Western blotting of acetylated histone H4 . HeLa cells were treated with 8 μM cisplatin, with 5 mM butyrate, or with both. Four and 24 hours after the treatment aliquots were withdrawn, total histone fraction was isolated and equal amount of histones were subjected to SDS-polyacrylamide gel electrophoresis. (A) The proteins were transferred onto nitrocellulose membranes and stained with anti-acetylated histone H4 antibody.

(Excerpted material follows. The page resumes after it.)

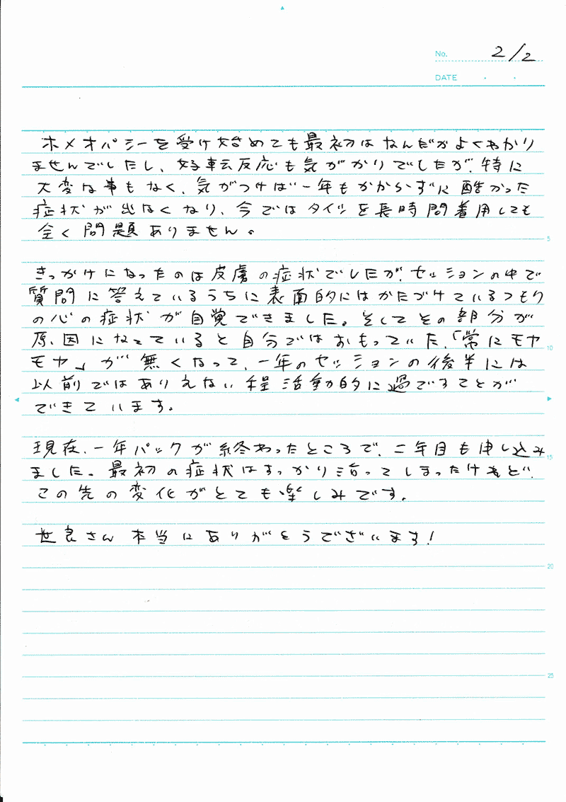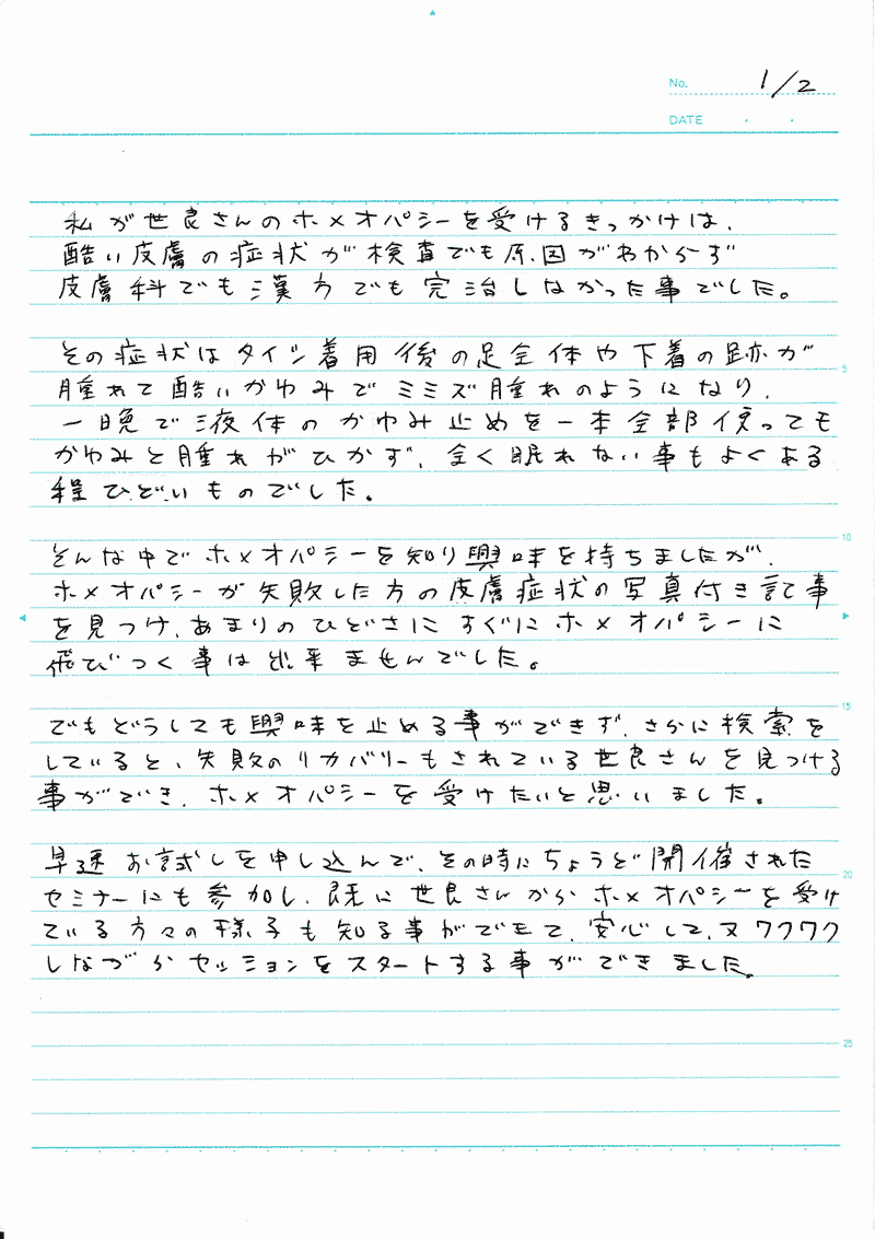 ★他のホメオパシーを受けても改善しなかった皮膚湿疹が解決してマイナス思考も改善

Ponceau S staining of H4 is shown as loading control. (B) The acetylated histone H4 was visualized and quantified by the Odyssey scanning system. The acetylation levels are expressed as percentage of the untreated control. The results are means of five independent experiments and standard deviations are shown by error bars.

Figure 5

Acetylation status of chromatin at four DNA sequences: c-myc ori, c-myc gene, β-globin ori and G-globin gene, upon treatment with cisplatin and butyrate . (A) Map of the human c-myc and β-globin loci. The positions of the origins of replication zones (replicators) are shown by solid lines and the genes are shown by arrows. The four sequence-tagged sites (STSs) amplified by PCR are designated as c-myc ori and c-myc gene and β-globin ori and G-globin gene and shown with vertical lines. (B) HeLa cells were treated with 8 μM cisplatin, with 5 mM butyrate, or with both and 4 h or 24 h after the treatment, chromatin was immunoprecipitated with anti-acetylated histone H4 antibody. Aliquots from the immunoprecipitated (ChIP) and input (Input) DNA were subjected to PCR using primers for the respective DNA sequences. The PCR products were separated on 2.5% agarose gels and stained with ethidium bromide. (C) The DNA fractions were scanned and quantified and the ratios ChIP/Input for the four sequences after the different treatments were shown. Results are means of three independent experiments and the standard deviations are shown with error bars.